就労ビザとは?種類・申請手続き・注意点まで中小企業向けにやさしく解説


はじめに|なぜ今「就労ビザ」の理解が重要なのか?

人手不足が深刻化する中、中小企業では「求人を出しても応募がない」「若手が集まらない」といった課題が広がっています。その解決策のひとつとして注目されているのが、外国人材の採用です。

外国人を雇用するうえで避けて通れないのが「就労ビザ(正式名称:就労可能な在留資格)」の取得です。
正しく理解しないまま雇用すると、企業側が「不法就労助長罪」に問われるリスクもあります。


この記事を書いた人

よしもと国際行政書士・社会保険労務士事務所 代表

行政書士・社会保険労務士

吉本 祐樹(Yuki Yoshimoto)


本記事では、外国人雇用が初めての企業の人事担当者や経営者の方に向けて、就労ビザの基本から申請手続き、審査での注意点までを図表付きでやさしく解説します。

「優秀な外国人材を採用したいが、どの就労ビザを取得すればよいのか分からない」
「現在検討している業務内容で就労ビザが取得できるのか知りたい」

といったお悩みをお持ちの方は、ぜひ最後までお読みください。

就労ビザとは?ビザと在留資格の違い

「就労ビザ」という言葉は一般的によく使われますが、実はこれは正式な名称ではありません。正確には「就労が認められる在留資格」や「就労系の在留資格」と呼ばれ、日本で働くことを目的として外国人に許可される在留資格を指します。

外国人が合法的に日本で働くためには、その仕事内容に適した就労ビザを取得する必要があります。

重要なポイントは、就労ビザは「どのような仕事でも自由に働ける」わけではなく、取得した在留資格の範囲内でのみ就労が可能だということです。

ビザと在留資格の違い

外国人を雇用する企業の方であれば、「ビザ」や「在留資格」という言葉を耳にしたことがあると思います。この二つは同じものではなく、異なる意味を持っています。

項目ビザ(査証)在留資格
目的入国の推薦状滞在中の活動内容を示す
発行元日本大使館・領事館出入国在留管理庁
必要となるタイミング入国前入国後・滞在中

ビザ(査証)とは

ビザとは、外国人が日本に入国するために必要な「推薦状」のようなものです。海外の日本大使館や総領事館が発給し、その外国人の入国が差し支えないと日本政府が判断したことを示す書類です。

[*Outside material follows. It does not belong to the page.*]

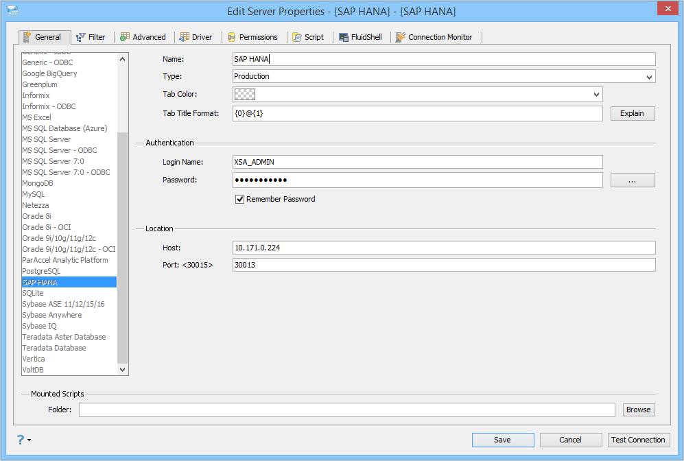 Before connecting to your server, make sure you have the appropriate driver for your SAP HANA version.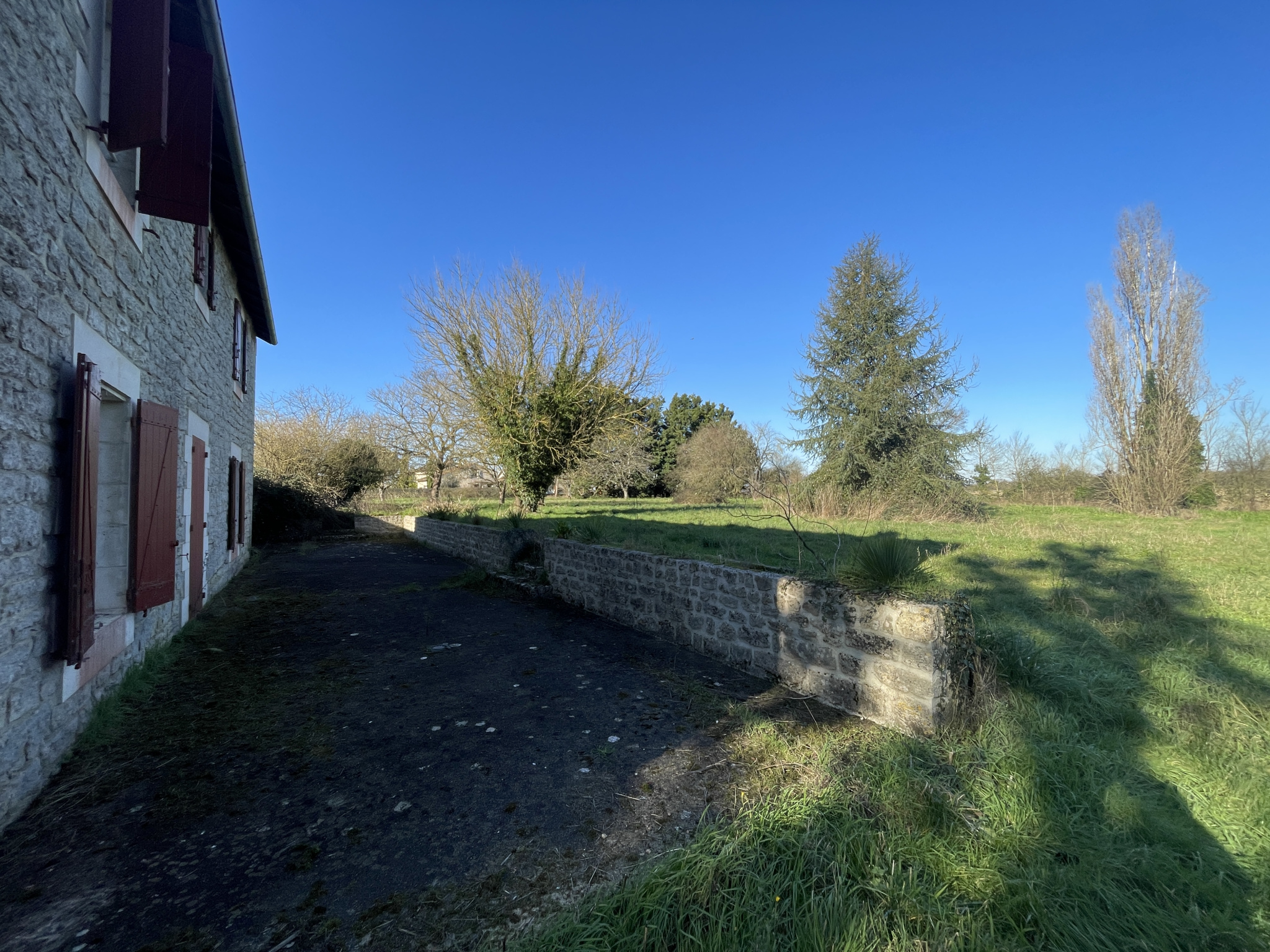 Un beau terrain gazonné et arboré sans trop de vis-à-vis avec une cour d’accueil sur graviers

ただし、ビザはあくまでも「入国の推薦状」に過ぎず、日本への上陸を保証するものではありません。実際に日本に到着した際には、空港などで入国審査官によって最終的な上陸許可が与えられます。

在留資格とは

在留資格とは、日本に滞在する外国人がどのような活動を行うことが認められているか、またはどのような身分に基づいて滞在しているかを示す法的な地位です。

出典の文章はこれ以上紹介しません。